Cyber Incident Victim: City of Dothan
Date:
Aug 2019
Location:
United States of America
Summary
A cybersecurity incident impacted the City of Dothan's online utility payment system operated by CentralSquare Technologies' Click2Gov software. Attackers compromised the platform using a "screen scraper" technique to steal payment card information and addresses from customers entering data manually during transactions. Individuals using stored payment details were unaffected, while those making one-time payments or new users faced potential exposure. The breach occurred over a multi-week period, affecting residents utilizing the portal, though the discovery timeline and whether the city or its vendor identified the intrusion remain unclear. This event aligns with similar compromises reported across dozens of municipalities relying on the same payment processing application.

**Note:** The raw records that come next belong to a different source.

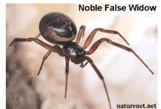
Noble False Widow

These can – extremely reluctantly – deliver a mildly venomous bite which feels like a wasp's sting. Usually, the animal has been trapped against skin and fears for its life. S. nobilis is Madeiran, so likes warmth. A friend of mine was bitten rolling over onto one in bed, but that's very rare. Learn more at www.nhm.ac.uk/discover/how-dangerous-are-false-widow-spiders.html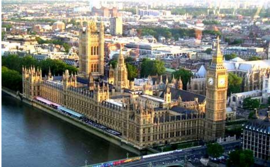
Photo 1: Example of correct model of compact city that residential blocks of three and four-storey of city streets on both sides to create a continuous appearance.

The main emphasis in the idea of the city compact is urban development on a Short building with average density. Consistent with this notion is not including single villa or apartment houses but mainly it what is in this idea as a pattern, examples of European cities that are put building maximum 5-4 classes on both sides the street. Then height of more than this value is keeps away us the from the idea of the compact city.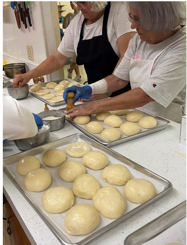
Kolaches being flattened to receive filling.

At the end of the second rising the ladies then place them on cooking pans and flatten them out and with a special wooden tool, they compress the center of each for adding the special flavoring mixture. She said they have apple, cherry, pineapple, strawberry, apricot, lemon, poppyseed (which to me looked like blueberries) and cream cheese.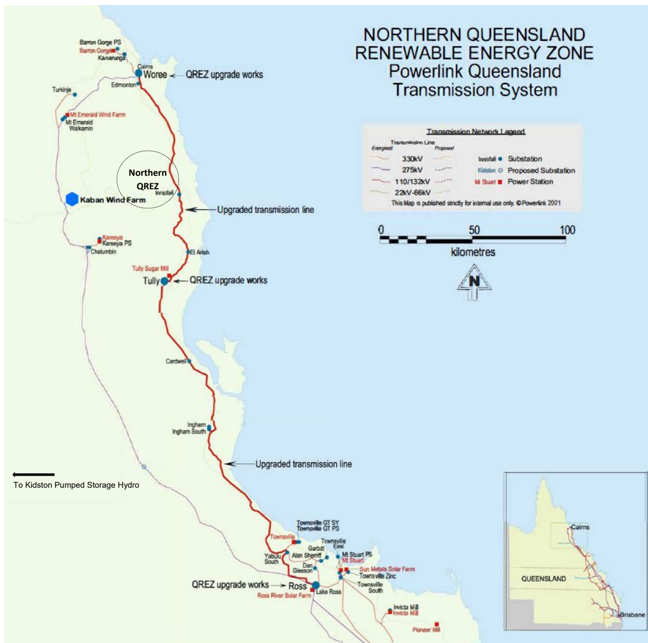
Figure 1 Proposed Northern Queensland Renewable Energy Zone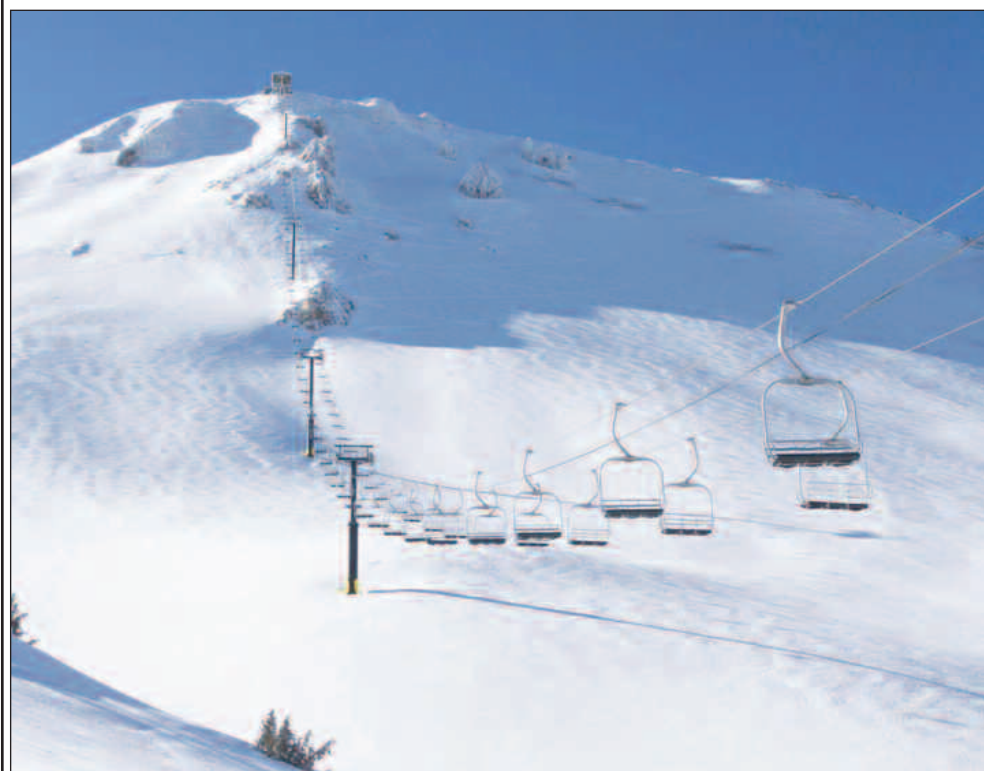
MAMMOTH LAKES, CA - Mammoth has deep powder and groomed runs for everyone. Winter 2023-24 saw more than 700 inches for a spectacular snow year. The resort kept skiing until August 6. There is every indication that this will be another very good year as well. Do not be left out, book early and often, and we will see you on Chair 23, shown here.

In 2015, Holiday Haus opened the "Casitas." They are perfect for a family trip. They have one king bed, pull out couch and full kitchen. They provide great space for family and friends at reasonable prices.

| CIA Posture | Motives | Tactics, Techniques & Procedures |
|---|---|---|
| Available to members | 1 motive | 1 technique |
| Threat Actors | Type | Location |
|---|---|---|
| 0 actors | Available to members | Available to members |
Description
The City of Dothan, Alabama, experienced a data breach involving its online utility payment system between August 26 and October 14, 2019. The breach occurred through Click2Gov software provided by third-party processor CentralSquare Technologies, which the city used for handling online payments. Attackers compromised the system using a "screen scraper" process designed to capture payment card information entered by customers during transactions. The breach specifically impacted customers who manually typed their payment details into the portal during the nearly two-month window, including those using one-time payments or new customers setting up accounts. Customers who utilized stored payment information from previous transactions were not affected by this particular incident. The city publicly disclosed the breach in an official statement confirming CentralSquare's software compromise, though neither the city nor CentralSquare clarified whether Dothan discovered the intrusion independently or received notification from the vendor.
CentralSquare Technologies characterized the attack method as involving data extraction through screen scraping techniques targeting live payment transactions. Forensic analysis indicated the breach window spanned approximately seven weeks before being contained on October 14. The city coordinated notification efforts with CentralSquare but did not disclose specific remediation measures taken beyond acknowledging the third-party system compromise. Financial institutions began detecting fraudulent charges on cards used for Dothan utility payments during the exposure period, confirming unauthorized access to payment data. The incident marked Dothan among more than fifty municipalities affected by Click2Gov breaches at the time, though CentralSquare did not clarify whether this incident stemmed from a previously identified vulnerability or a new exploit. Impacted customers were advised to monitor financial statements for suspicious activity following the disclosure.